Song of the Week: Minus the Bear - "Pachuca Sunrise"



Since it seems practically everyone is at the beach this week, here's a song that rests comfortably among the ranks of awesome, contemporary beach tunes. If you aren't at the beach, perhaps you should just close your eyes, listen to this and pretend you are. It'll make you feel better, I promise.

Amazon's 50/$5 August Recommendations

I've recently become aware of amazon.com's monthly promotion where the top album picks from the site editors go up for sale for $5 each. The only troublesome part of the whole deal is that the editors end up posting 50 albums, which may seem a little overwhelming for those looking to get the absolute most bang for their music-loving buck. To try and solve this problem, I've decided to prune each of these lists each month starting now. So, without further ado, here's the cream of the crop of this month's 50/$5 deals.

Phoenix - Wolfgang Amadeus Phoenix














The Field - Yesterday and Today














A-Trak - Infinity +1














The Cool Kids - The Bake Sale














Dirty Projectors - Rise Above














Luckily, this month's selections provided for pretty eclectic mix ranging everywhere from hip-hop to indie rock, and even minimalistic progressive techno. Hopefully, you find these recommendations helpful, and be sure to check out next month's top 5 50/$5.

Review: Discovery - LP

Tired of my streak of positive music reviews? Good, because so am I, and Discovery's LP is an excellent place for me to stop gushing over albums. This is mainly due to the fact that--in one word--this album is bad.

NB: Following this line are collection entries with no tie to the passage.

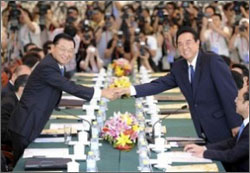 | ^^^▲ 중국 해협회 천원린(陳云林) 회장(오른쪽)과 장빙쿤(江丙坤) 대만 해기회 이사장이 역사적인 양안간 대화 테이블에서 악수하고 있다. ⓒ Xinhua news agency^^^ | ||
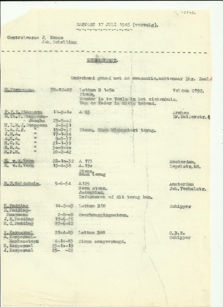 Rapport 17 juli 1945 bezoek Grubbenvorst door J. Sch...
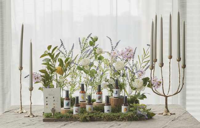 今回オリジナルで制作した8種類の香りは、複数の香りが混ざり合っても心地よく、お料理の邪魔にならない植物のナチュラルな香りです。植物の天然成分から抽出された香料だけで生み出された香りは優しく穏やかで誰もが心地よく感じるものを厳選しました。それぞれにインスピレーションとなるキーワードが名付けられており、好きな香りで選ぶことも、その時の気分に合うキーワードで選ぶこともできます。

With a band composed of Ra Ra Riot's Wes Miles and Vampire Weekend's Rostam Batmanglij, you'd think that Discovery would show at least some interesting potential if not rock everyone's socks off. Instead, the band unleashed LP, a debut album full of shallow songwriting, irregular beat structures, and desperate sounding attempts to be relevant and cool that makes for some mildly amusing hipster party fodder at best.

LP starts out about as strong as it can with fairly interesting tracks like "Orange Shirt" and "Osaka Loop Line" that use some catchy, minimalist beats to sound fresh, but suffer from mediocre lyrics like "Still you won't call me back / And every text I get from you sounds so so serious / But I'm sitting at home sipping this miso / Ticking to raindrops upon my window pane / Texting too fast for me to reply / Never looking when you type T-9." I'm usually not one to nitpick songwriting, but lyrics like that are just plain cheesy. Combine those with the stupidly-popular-yet-overplayed auto-tune vocals, and you've got a pretty good idea of what the rest of the album is like. Well, I honestly have to take that back; it actually gets worse.

By LP's fourth track, "I Wanna Be Your Boyfriend," I was certain that this album was not something I would want to recommend to anyone. With a rather lackluster performance by guest vocalist Angel Deradoorian crying "I wanna be your boyfriend" (before being so "cleverly" chopped up to sound more like "I want a boyfriend"), the whole song sounds like a desperate grab for love and attention from the song's creator. It's sad.

Many of the other songs proceed in either this direction of poorly written and bad/auto-tuned singing ("Can You Discover," "Carby"), or simply opt to have some of the ugliest synth or beat work I have heard on a professionally produced album ("So Insane," It's Not My Fault (It's My Fault)"). Of course there a couple exceptions, but these also have problems of their own.

The strongest track on Discovery's album is probably "Swing Tree," but that's probably because the song is mainly comprised of a synth riff that isn't theirs. In their defense though, "Swing Tree" has a different feel to it than the Tom Tom Club classic, not to mention that the song is a lyrical high-point for this poor, poor LP.

There is one other song that tries to succeed somewhat like “Swing Tree” by combining borrowed melodies and strong songwriting, but the only difference here is that it’s a cover, and a horrible one at that. After hearing what disrespect Discovery paid to “I Want You Back,” the super-hit by none other than the late-great Michael Jackson, it’s hard to believe that this is a band that wants to take itself seriously. Did they really think that screechy, lo-fi synths, cascading beeps, and auto-tune could possibly add something one of the greatest pop songs of all time? Unless Discovery was shooting to add an unlistenable quality to the track, the answer in almost every respect is no.

To try and summarize, listening to LP can be best compared to watching a bad comedy. Instead of witty substance and subtlety, Discovery paints in broad strokes and tries to generate appeal by referencing some of the most salient aspects of contemporary music culture without actually commenting on them. So in the end, you are left with an album full of uninspired songs written by two dudes that seem to think shoving MGMT and Kanye West into Tom Tom Club and Michael Jackson would sound good. And, while I’m not necessarily saying these sounds are completely incompatible, I am saying that Discovery’s attempt to make them work is all but a miserable failure.